- The data
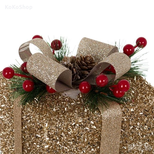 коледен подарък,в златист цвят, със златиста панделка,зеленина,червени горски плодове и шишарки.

---

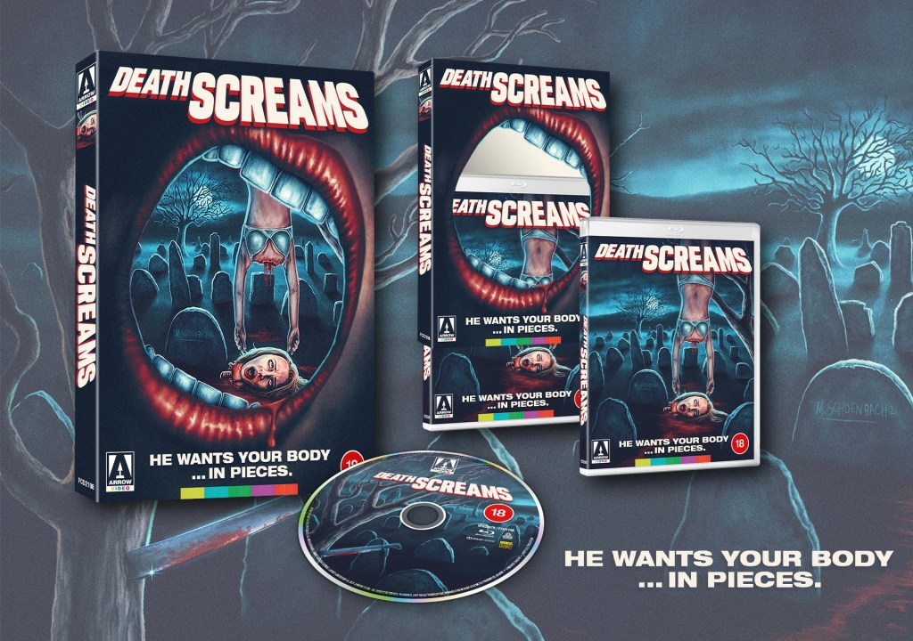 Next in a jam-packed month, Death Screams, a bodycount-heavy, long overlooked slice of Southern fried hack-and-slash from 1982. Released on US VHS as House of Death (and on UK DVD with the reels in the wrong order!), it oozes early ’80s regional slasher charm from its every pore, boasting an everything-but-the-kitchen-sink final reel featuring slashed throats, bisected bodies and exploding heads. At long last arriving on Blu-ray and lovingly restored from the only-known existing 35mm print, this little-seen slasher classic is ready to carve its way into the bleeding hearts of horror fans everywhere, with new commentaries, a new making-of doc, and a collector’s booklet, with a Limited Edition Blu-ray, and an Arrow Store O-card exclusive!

...

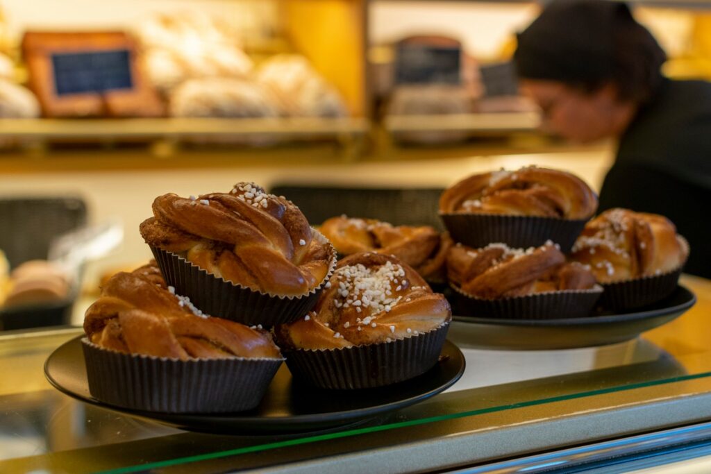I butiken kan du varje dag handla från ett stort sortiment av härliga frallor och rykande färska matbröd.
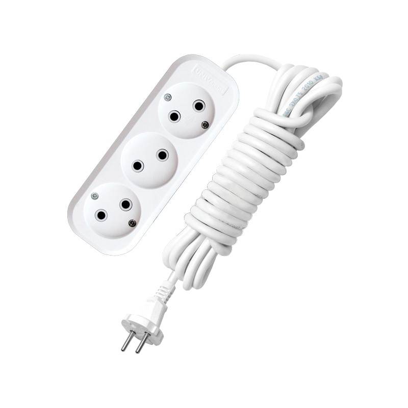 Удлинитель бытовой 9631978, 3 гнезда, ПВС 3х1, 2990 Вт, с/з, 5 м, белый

- Task requirements
All that should appear in the answer is the lines above from the line with "I butiken kan" through the line with "Удлинитель бытовой 9631978, 3", retyped exactly, pictures left out.

- Task result
I butiken kan du varje dag handla från ett stort sortiment av härliga frallor och rykande färska matbröd.
 Удлинитель бытовой 9631978, 3 гнезда, ПВС 3х1, 2990 Вт, с/з, 5 м, белый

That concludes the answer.